问题描述
我是一个非常新的python程序员,正在编写我的第一个脚本.该脚本从plist字符串中提取文本,然后执行一些操作,然后将其打包为HTML电子邮件.
I'm a very new python programmer, working on my first script. the script pulls in text from a plist string, then does some things to it, then packages it up as an HTML email.
从一些条目中,我得到了可怕的Unicode外部序数128"错误.
from a few of the entries, I'm getting the dreaded Unicode "outside ordinal 128" error.
我已经了解了很多有关编码和解码的知识,我知道获得编码对我很重要,但是我很难理解何时或如何进行编码.
Having read as much as I can find about encoding, and decoding, I know that it is important for me to get the encoded, but I'm having a difficult time understanding when or how exactly to do this.
首先使用plistlib提取有问题的变量,然后将其从markdown转换为HTML,如下所示:
The offending variable is first pulled in using plistlib, and converted to HTML from markdown, like this:
entry = result['Entry Text']
donotecontent = markdown2.markdown(entry)
后来,它被像这样放在电子邮件中:
Later, it is put in the email like this:
html = donotecontent + '<br /><br />' + var3
part1 = MIMEText(html, 'html')
msg.attach(part1)
我的问题是,确保该内容中的Unicode字符不会导致此错误的最佳方法是什么?我不想忽略这些字符.
My question is, what is the best way for me to make sure that Unicode characters in this content doesn't cause this to throw an error. I prefer not to ignore the characters.
推荐答案
对不起,我的英语不好.我说中文/日语,每天都使用CJK字符.Ceron几乎解决了这个问题,因此我不再谈论如何使用encode()
/decode()
.
Sorry for my broken english.
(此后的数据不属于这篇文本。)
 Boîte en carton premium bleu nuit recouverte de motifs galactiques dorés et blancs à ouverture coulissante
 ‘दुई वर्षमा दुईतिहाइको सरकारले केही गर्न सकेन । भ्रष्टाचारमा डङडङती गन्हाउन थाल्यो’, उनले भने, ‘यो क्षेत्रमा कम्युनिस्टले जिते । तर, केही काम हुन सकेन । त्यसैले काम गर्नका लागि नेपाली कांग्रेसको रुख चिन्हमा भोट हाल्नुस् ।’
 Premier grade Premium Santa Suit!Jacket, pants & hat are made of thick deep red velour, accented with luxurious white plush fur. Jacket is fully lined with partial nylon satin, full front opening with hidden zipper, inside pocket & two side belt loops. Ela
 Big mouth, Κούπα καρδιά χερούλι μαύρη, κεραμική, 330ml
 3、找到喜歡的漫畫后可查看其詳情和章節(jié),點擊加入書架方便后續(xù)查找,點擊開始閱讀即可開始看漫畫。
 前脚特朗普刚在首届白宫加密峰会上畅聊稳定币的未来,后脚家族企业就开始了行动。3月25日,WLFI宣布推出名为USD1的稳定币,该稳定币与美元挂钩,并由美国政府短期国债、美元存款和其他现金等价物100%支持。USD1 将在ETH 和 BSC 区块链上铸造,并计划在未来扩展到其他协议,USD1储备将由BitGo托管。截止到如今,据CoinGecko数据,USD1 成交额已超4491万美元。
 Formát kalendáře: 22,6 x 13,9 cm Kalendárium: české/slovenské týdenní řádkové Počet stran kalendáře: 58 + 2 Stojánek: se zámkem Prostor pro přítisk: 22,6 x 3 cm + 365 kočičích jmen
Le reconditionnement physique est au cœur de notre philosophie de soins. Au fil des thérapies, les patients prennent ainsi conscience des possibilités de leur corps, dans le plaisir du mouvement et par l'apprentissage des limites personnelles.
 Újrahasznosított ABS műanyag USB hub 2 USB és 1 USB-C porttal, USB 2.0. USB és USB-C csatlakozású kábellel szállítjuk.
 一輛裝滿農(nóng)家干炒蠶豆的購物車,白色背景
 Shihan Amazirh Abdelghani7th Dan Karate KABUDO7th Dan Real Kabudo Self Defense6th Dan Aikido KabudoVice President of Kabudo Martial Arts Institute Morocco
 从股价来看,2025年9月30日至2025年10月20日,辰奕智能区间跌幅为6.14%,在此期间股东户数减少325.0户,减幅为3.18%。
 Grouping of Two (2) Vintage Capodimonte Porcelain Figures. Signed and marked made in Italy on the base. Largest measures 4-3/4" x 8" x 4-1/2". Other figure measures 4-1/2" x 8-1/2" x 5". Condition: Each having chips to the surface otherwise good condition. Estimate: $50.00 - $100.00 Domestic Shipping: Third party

I am speaking Chinese/Japanese, and using CJK characters everyday.Ceron solved almost of this problem, thus I won't talk about how to use encode()
/decode()
again.
当我们使用str()
强制转换任何unicode对象时,它将把unicode字符串编码为bytedata;当我们使用unicode()
投射str
对象时,它将字节数据解码为Unicode字符.
When we use str()
to cast any unicode object, it will encode unicode string to bytedata; when we use unicode()
to cast str
object, it will decode bytedata to unicode character.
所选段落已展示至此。